There are things we cannot fix! The reality of health impacts of climate change.
Presented by Kristie Ebi (University of Washington, USA) and Hilary Bambrick (Western Sydney University, Australia) at the Adaptation Futures Conference in Rotterdam, The Netherlands, May 2016
One of the sectors affected by climate change is public health. Adaptation of the health sector to climate change doesn’t seem to be a top priority for politicians and policy makers, although the impacts are manifest in so many countries. Public health was one theme at the Adaptation Futures Conference. Some of the presentations left a deep impression on the audience’s mind, like the ones by Kristie Ebi (University of Washington, USA) and Hilary Bambrick (Western Sydney University, Australia) on health impacts in low- and middle-income countries, and high-income countries, respectively. It makes one wonder: why don’t we act now?

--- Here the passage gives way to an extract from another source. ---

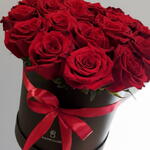 Ce cadeau romantique et élégant présente 25 roses rouges vibrantes, disposées avec art dans une boîte cylindrique en forme de cœur sophistiquée, à la finition mate d'un brun foncé/noir riche, rehaussée d'un luxueux ruban en satin rouge noué. Le logo de la marque BLOOMS CULTURE est subtilement imprimé sur le côté, ajoutant une touche premium.
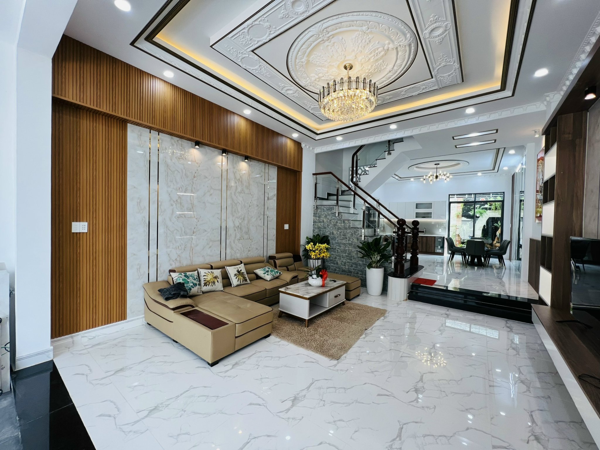 -Cấu trúc: 1 trệt 2 lầu, sân thượng gồm 1 gaza xe hơi,1 phòng khách, 1 phòng bếp, 4 phòng ngủ, 5 Wc, 1 phòng thờ, sân thượng trước sau.

Low- and middle-income countries
Both scientists addressed the limits to health adaptation in a changing climate. Kristie Ebi focused on low- and middle-income countries. How much can we reduce the health risks of a changing climate, and how are we going to deal with the remaining impacts that can’t be reduced? We can do a lot but there are limits. Malaria, for instance, is not solved now and will continue to cause illness in the future. Kristie: ‘We have to do a lot to strengthen our health system, but even then climate change will likely increase the burden malaria.’ Also, there are physical limits to adaptation: flood risk will increase in parts of low-lying deltas and coastal zones but poor people often cannot afford investments in protection or managed retreat.
For some countries the options are very limited. Jordan, for instance, is one of the 10 most water-stressed countries in the world, and now is home to over 630,000 refugees. How can they adapt to climate change? Kristie: ‘There are no simple solutions’. We need public health professionals that are trained to understand and manage the impacts of climate change. But sometimes health professionals just cannot go to areas where they are needed because of conflicts. ‘Often there is no longer one crisis at the time’, Kristie states, and she refers to Brazil struggling with both drought and the Zika virus: ‘people have to store water and public health professionals need to tell them how to do it safely’. In 2012, 366 million people in 20 countries lived in areas with protracted crises. 19% of food-insecure people live in these areas. Kristie: ‘Helping them is much more difficult when these countries are in conflict.’
Climate change may take a heavy toll of human life. Is there also a positive message? Kristie: ‘Yes, there is. All the health risks of climate change are current problems. Health professionals generally know what to do and it can be done. But it’s not easy and it’s not cheap. There is a lot more that can be done than what is happening.’
For the high-income countries Hilary Bambrick took Australia as an example. ‘In high-income countries climate change is not often talked about in terms of health effects’, she said. This also holds for Australia. Amazing, considering the number of natural hazards Australia had to deal with over the last years. Australia doesn’t seem to be well adapted to climate change. According to Hilary this is due to a number of reasons. There is little awareness of health impacts of climate change; extreme heat, bush fires and severe storms are nothing new, politicians say. Besides, the funding cycles in the health sector are short-term; the impacts of climate change are far into the future, people think, and there are other priorities now.
There is a ‘new normal’, however, Hilary stated, where we have to cope with new extremes. A good example is the fact that recently a new category of fire damage was introduced: catastrophic. Hilary: ‘Basically this means: get out! If things turn out even worse, is there another category apocalyptic on the way?’ Somehow it is hard to convince people that recent extreme events may be ‘outside the normal’. Hilary: ‘Australia has a culture of dealing with extreme events. After a storm or a bush fire people rebuild at the same spot. We have to get that out of people’s mind-set. People should rethink instead, relocate, change building codes.’
What are the limits of adaptation? Just like Kristie, Hilary doesn’t have the answers yet. No collapse of the health system during a disaster has been reached yet, she said, but things need to be strengthened. The health system needs to be prepared for both sustained-changed patterns and sudden extreme events. This calls for the health system to be flexible, strategic, robust, reflective and responsive.
There are things we cannot fix!
More funding and future-oriented thinking is needed. Adaptation of public health to climate change has to be taken more seriously. Both scientists underline that we have to face up to reality: there are things we cannot fix!